Other precious metals also slipped sharply, with platinum and palladium tumbling to their lowest since late March and silver to a one-week low.
Spot gold <XAU=> was bid at $1,205.15 an ounce at 1221 GMT, against $1,219.70 late in New York on Tuesday. U.S. gold futures for June delivery <GCM0> on the COMEX division of the New York Mercantile Exchange fell $9.00 to $1,205.60 an ounce.
"Risk aversion, I guess, is the name of the game today," said Afshin Nabavi, head of trading at MKS Finance in Geneva. "The platinum group metals and silver have suffered a lot."
"In my opinion, gold ought to hold the $1,200 level. Safe haven (demand) ought to continue."
The metal earlier slipped as low as $1,201.95 an ounce, caught up in selling of other assets in response to Germany's move, and as confidence in the euro waned.
Germany announced on Tuesday a ban on some high-risk bets that prices of bonds and stocks will fall, in an attack on the financial speculation on which it blames much of the euro zone's debt crisis. [
]The euro <EUR=> fell to a fresh four-year low against the dollar in response, while oil prices dropped more than 2 percent at its session lows, base metals prices retreated and European shares were down 2.4 percent by midday. [
] [ ] [ ]"We notice clear signs of nervousness in the gold market, taking into account the overnight developments in euro zone," said Pradeep Unni, senior analyst at Richcomm Global Services.
"Investors seem to be taking their money out of bullion partly to lock profits, but more importantly to pay the margin calls arising out from other markets."
INVESTMENT FIRM
Investment in gold stood firm, with holdings of the world's largest gold-backed exchange-traded fund, New York's SPDR Gold Trust <GLD>, steady at a record 1,217.108 tonnes on Tuesday.
Holdings of gold-backed exchange-traded commodities operated by London's ETF Securities have risen nearly 700,000 ounces or 9 percent so far this month to 8.437 million ounces.
Gold could correct further before resuming any uptrend, technical analysts at Barclays Capital, who study charts of past price moves to determine the future direction of trade, said.
"Gold has corrected lower as momentum and sentiment unwind from recent extremes," they said in a note. "Having reached our initial $1,210 target, the correction could extend further."
"However, as price approaches the $1,183 May 10 low and the 21 day average at $1,187, we are looking for reasons to reload bullish positions, as the bigger picture still points to significantly higher levels later in the year," they added.
Other precious metals also declined, with silver <XAG=> bid at $18.48 an ounce against $18.90, and platinum <XPT=> sliding nearly 4 percent to a seven-week low at $1,600.50. It was later at $1,612.50 an ounce against $1,666.50.
Palladium <XPD=> was the biggest faller, slipping as much as 7 percent to a seven-week low of $460.48, as traders reported fund selling of the metal and risk aversion rose.

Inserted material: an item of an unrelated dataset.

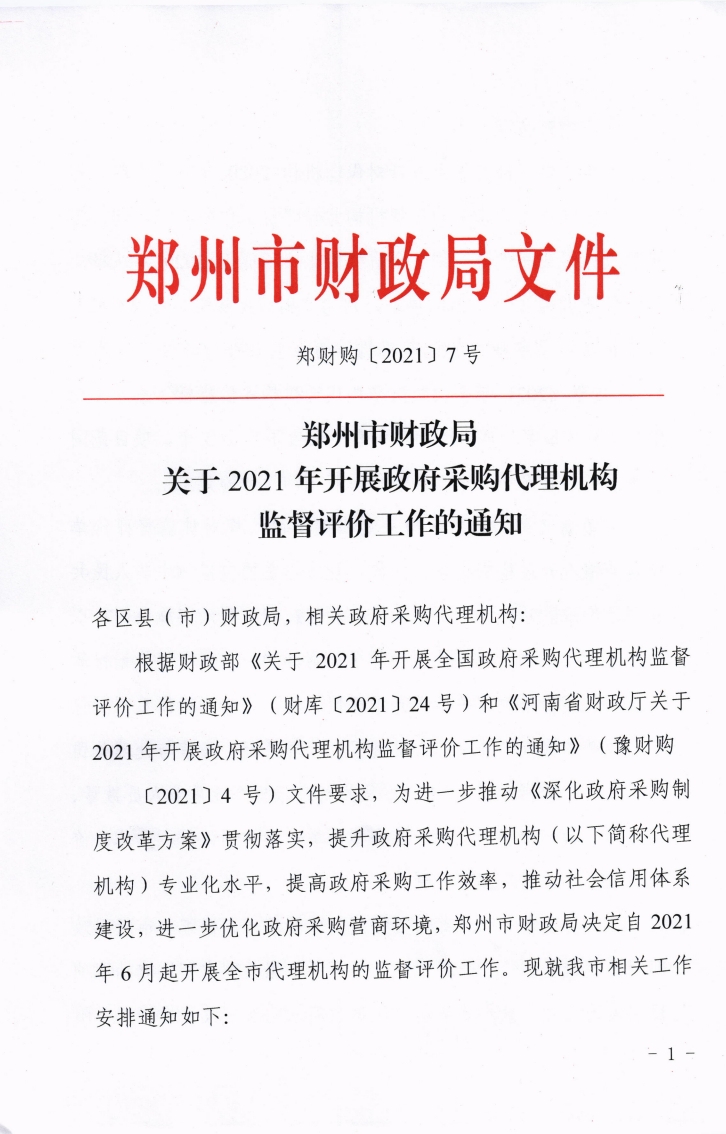 鄭州市財(cái)政局 關(guān)于2021年開(kāi)展政府采購(gòu)代理機(jī)構(gòu)監(jiān)督評(píng)價(jià)工作的通知

The metal climbed to a two-year high of $570.50 last month.
"The price increase has been mainly due to speculation... and these levels may not be sustainable in the long run unless the investors have a longer view," said one trader.
Palladium was later at $468.25 against $495. Silver, platinum and palladium are more industrial in use than gold, and are therefore most exposed to weakness in economic activity. (Editing by James Jukwey)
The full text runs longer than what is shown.